STEP 5: PREVENT RECURRENCE (within 1 week)
  ├── Implement content-aware TTLs (pricing: 15 min max)
  ├── Add event-driven cache invalidation on DynamoDB price updates
  ├── Add staleness warning for cached pricing responses
  └── Add automated price-accuracy check for cached entries

Resolution

  1. Content-aware TTLs — Pricing: 15 minutes, Availability: 5 minutes, Recommendations: 4 hours, FAQ: 7 days
  2. DynamoDB Streams cache invalidation — When prices update in DynamoDB, a Lambda function invalidates all cache entries referencing those product IDs
  3. Staleness disclaimer — When serving cached pricing data, append: "Prices shown may not reflect the latest updates. Please verify at checkout."
  4. Cache validation job — Hourly Lambda that samples 100 cached pricing entries and validates against DynamoDB
  5. Sale end cache flush — Automated cache flush for all pricing entries when a sale period ends

Prevention

Prevention Measure Implementation Priority
Content-aware TTLs Modify cache layer to use CATEGORY_TTL map P0
DynamoDB Streams invalidation Lambda triggered by DynamoDB Streams on price changes P0
Staleness disclaimer on prices Append warning when serving cached pricing data P0
Sale-end cache flush automation EventBridge rule triggers cache flush at sale end time P1
Hourly price accuracy validation Lambda samples and validates cached pricing entries P1
Cache entry product_id tracking Store product_ids in cache entry metadata for targeted invalidation P2

Exam Angle

What the AIP-C01 exam tests here: - Understanding of caching strategies and their trade-offs in FM applications - The concept of graceful degradation and when cached responses are appropriate vs. dangerous - Event-driven architectures (DynamoDB Streams) for cache invalidation - The importance of content-type awareness in FM response caching

Key concept: Not all FM responses are equal. A cached recommendation from 4 hours ago is still useful, but a cached price from 4 hours ago could be financially harmful. Content-aware caching ensures that time-sensitive data (prices, availability) has much shorter TTLs than stable data (FAQs, general information).

Key Takeaway

Cache-based fallback must be content-aware — a stale manga recommendation is harmless, but a stale price can cost real money and erode customer trust.

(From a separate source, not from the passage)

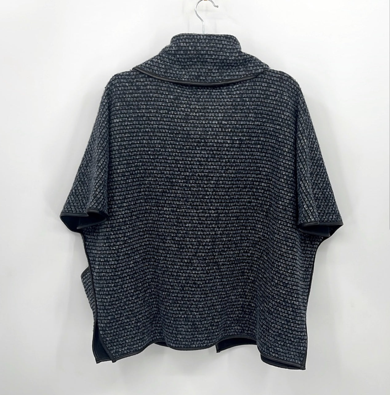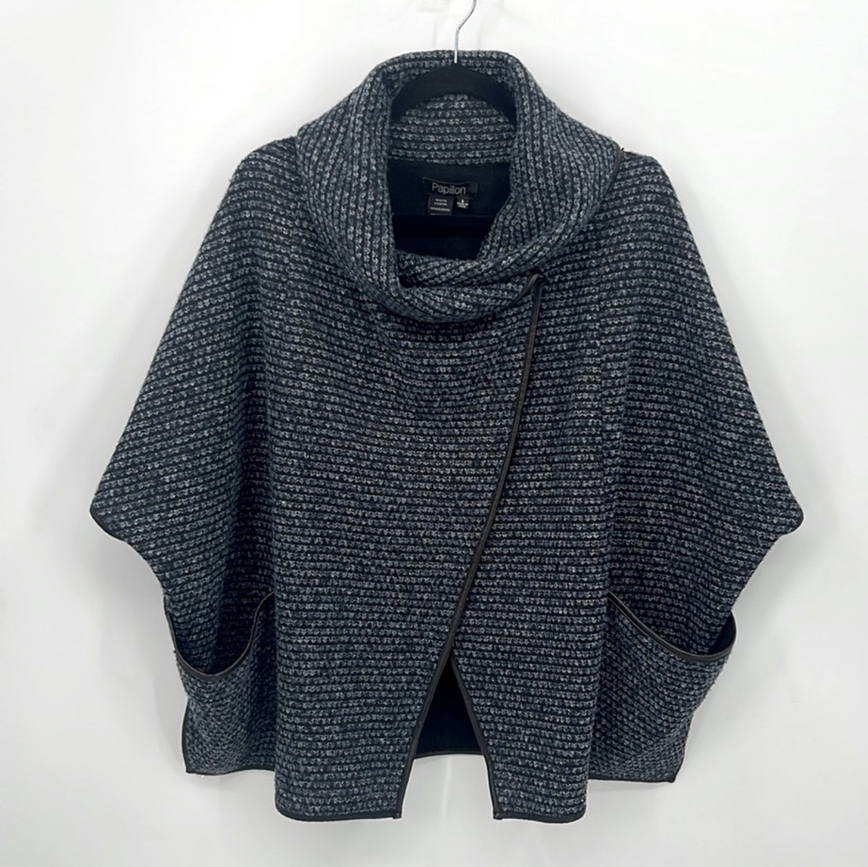 The Papillon Cape features a faux leather trim and is designed with a crossover enclosure, complete with one inside and outside button. It also includes two slip pockets and is made of 100% polyester. This cape is in great pre-owned condition and is available in size small.

Scenario 4: X-Ray Sampling Missing Critical Error Traces

Situation

Date: Tuesday, 2:45 PM JST Trigger: Bedrock introduced a new error response format that the MangaAssist error handler did not recognize

At 2:45 PM, Bedrock began returning a new error format for a specific edge case (malformed multi-modal content in the request). The MangaAssist error handler treated this as a generic ClientError rather than a retryable ValidationException, causing it to fail fast without retry and return a raw error message to users.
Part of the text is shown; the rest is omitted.